[dtensor][4/N] refactor dispatching logic and add propagator #90733

wanchaol · 2022-12-13T01:01:25Z

Stack from ghstack (oldest at bottom):

This PR refactors the dispatching logic to make it more clean, and
isolate the sharding propagation logic out to a separate class.

This is so that we can implement more complicated propagation features
later.

Differential Revision: D42876251

This PR refactors the dispatching logic to make it more clean, and isolate the sharding propagation logic out to a separate class. This is so that we can implement more complicated propagation features later. [ghstack-poisoned]

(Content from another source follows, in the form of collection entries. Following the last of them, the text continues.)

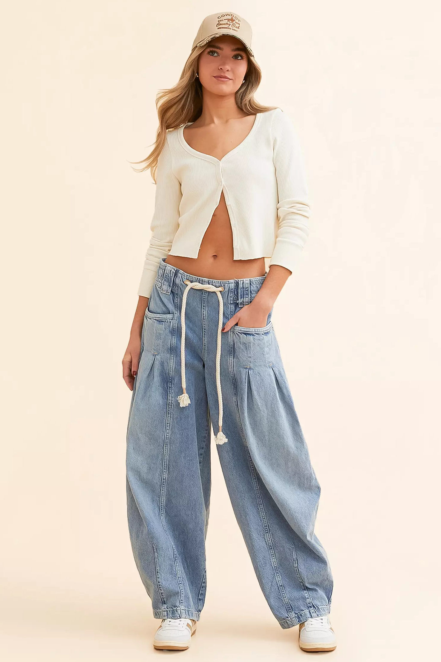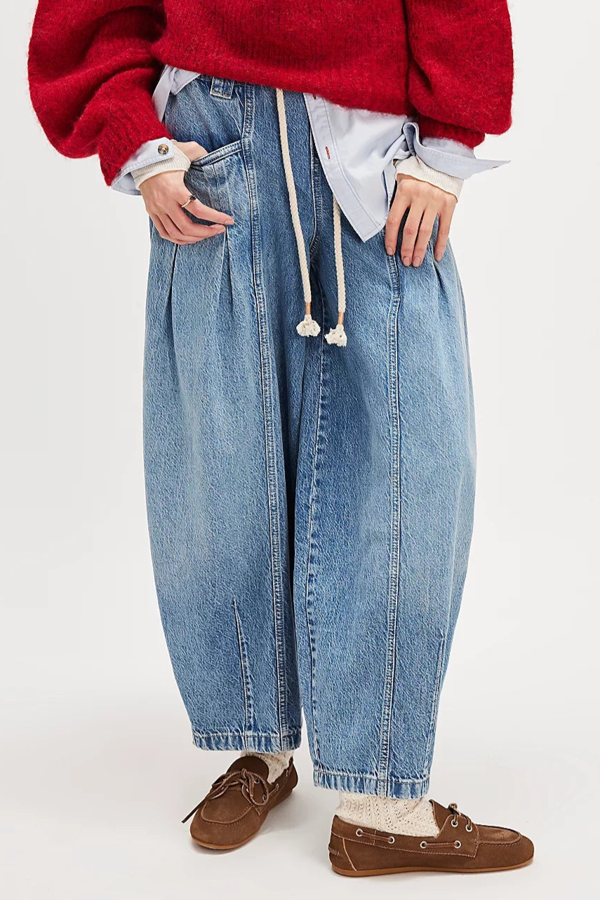 - Low-slung, wide barrel silhouette
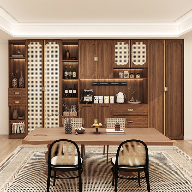 实木生态板酒柜靠墙客厅置物展示柜商用酒架2024年新款 家用新中式
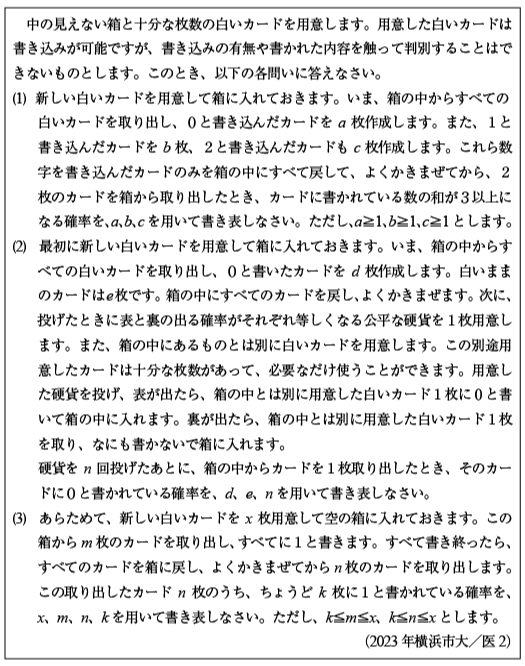 [C]二項係数を用いる確率の問題(2023年横浜市大/医2)
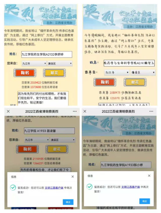 在学院发布倡议书后,药学学院学子积极参与中华英烈网“2022奋进·网上祭英烈”网上祭扫活动,在网上敬献花篮、寄托哀思,以表达对英雄先烈的感恩和敬仰。来自药学与生命科学学院的大学生们用“云献词”的方式向烈士致敬,号召青年大学生们向烈士们学习顽强拼搏、艰苦奋斗的精神,坚定信念跟党走,传承红色基因。
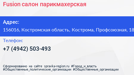 Fusion, салон-парикмахерская по адресу 156016, Костромская область, Кострома, Профсоюзная, 18 в дальнейшем Организация, размещена в следующих категориях:
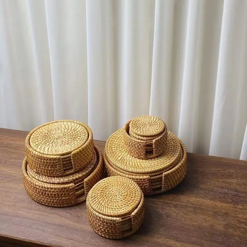 Натуральный коврик для чашек с ящиком для хранения, плетеная подстилка ручной работы, термостойкий натуральный ротанговый коврик, Горячая Изоляция, Противоскользящий коврик
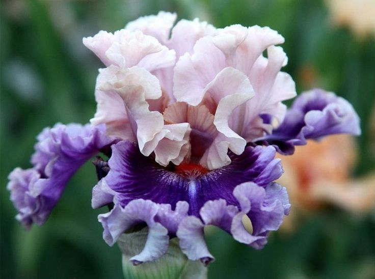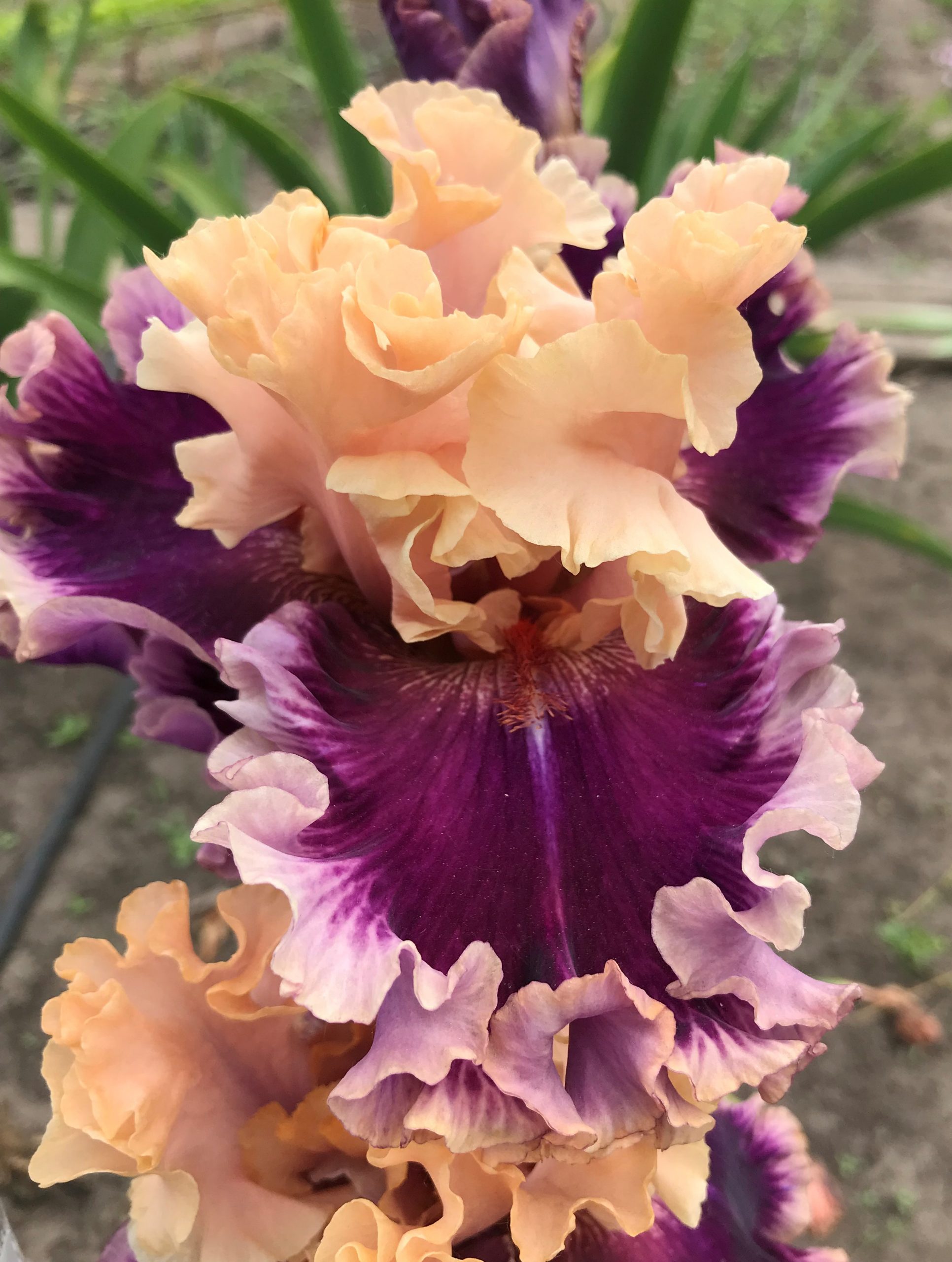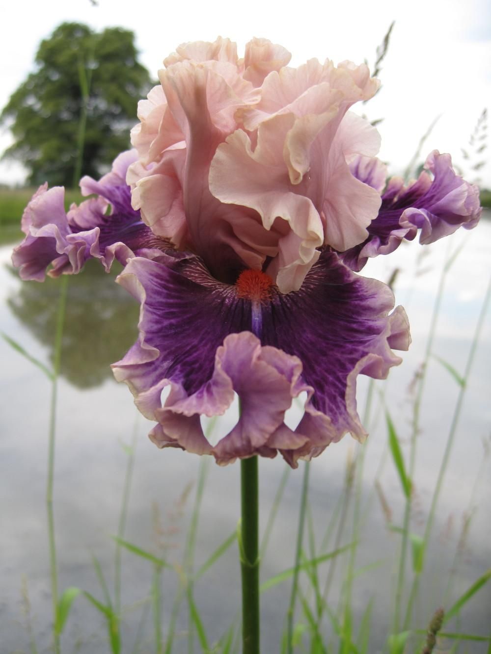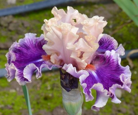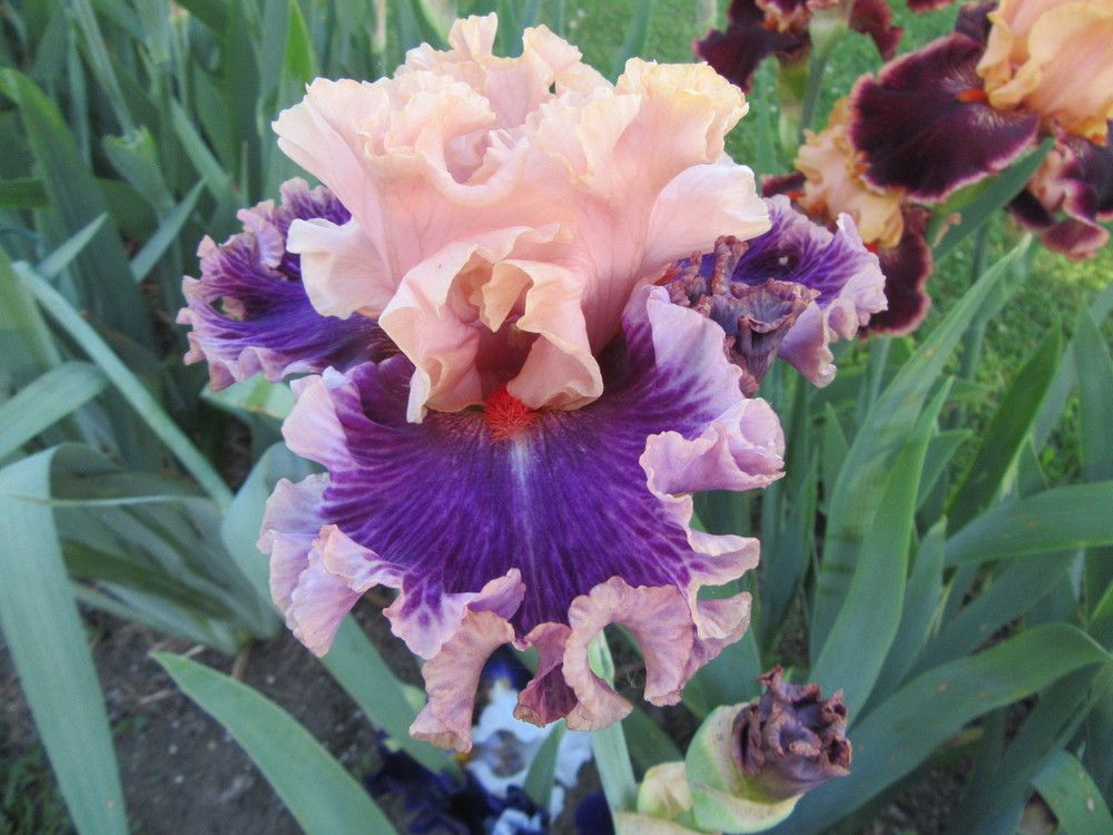 Cстандарты – нежно-розовые со сливочно-кремовой каймой. Фолы – тёмно-розово-фуксиновые с голубовато-светло-сиреневой каймой. Бородки – кирпично-красные, под ними небольшой синий мазок. Очень гофрированный.
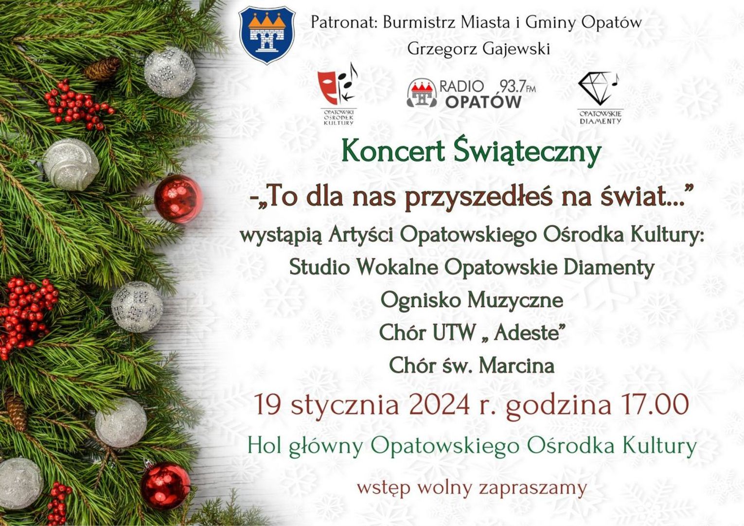 Na koncert świąteczny zapraszają władze Opatowa. Koncert w czasie, którego zabrzmią kolędy i piosenki związane ze świętami Bożego Narodzenia odbędzie się w piątek, 19 stycznia.
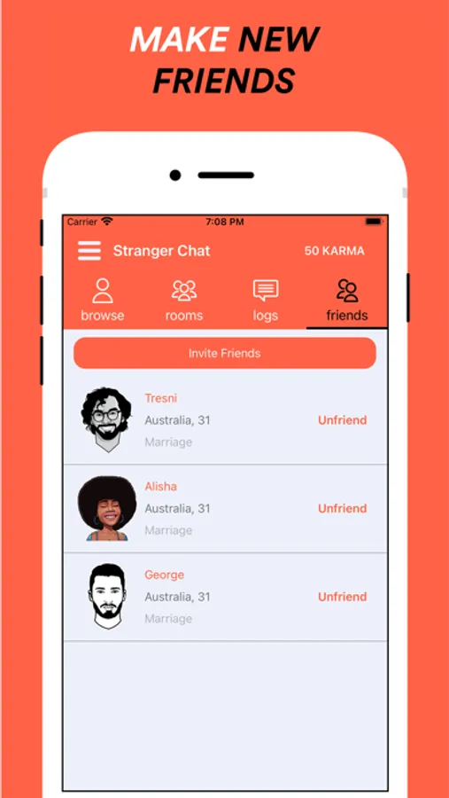 Rest assured, all the features of our stranger chat are available to you from the start. Chatting will always be free( premium features can be purchased) in our stranger chat, but you need to keep and grow your Karma!

pytorch-bot · 2022-12-13T01:01:28Z

🔗 Helpful Links

🧪 See artifacts and rendered test results at hud.pytorch.org/pr/90733

📄 Preview Python docs built from this PR
📄 Preview C++ docs built from this PR
❓ Need help or want to give feedback on the CI? Visit the bot commands wiki or our office hours

Note: Links to docs will display an error until the docs builds have been completed.

✅ No Failures

As of commit 213b785:
💚 Looks good so far! There are no failures yet. 💚

This comment was automatically generated by Dr. CI and updates every 15 minutes.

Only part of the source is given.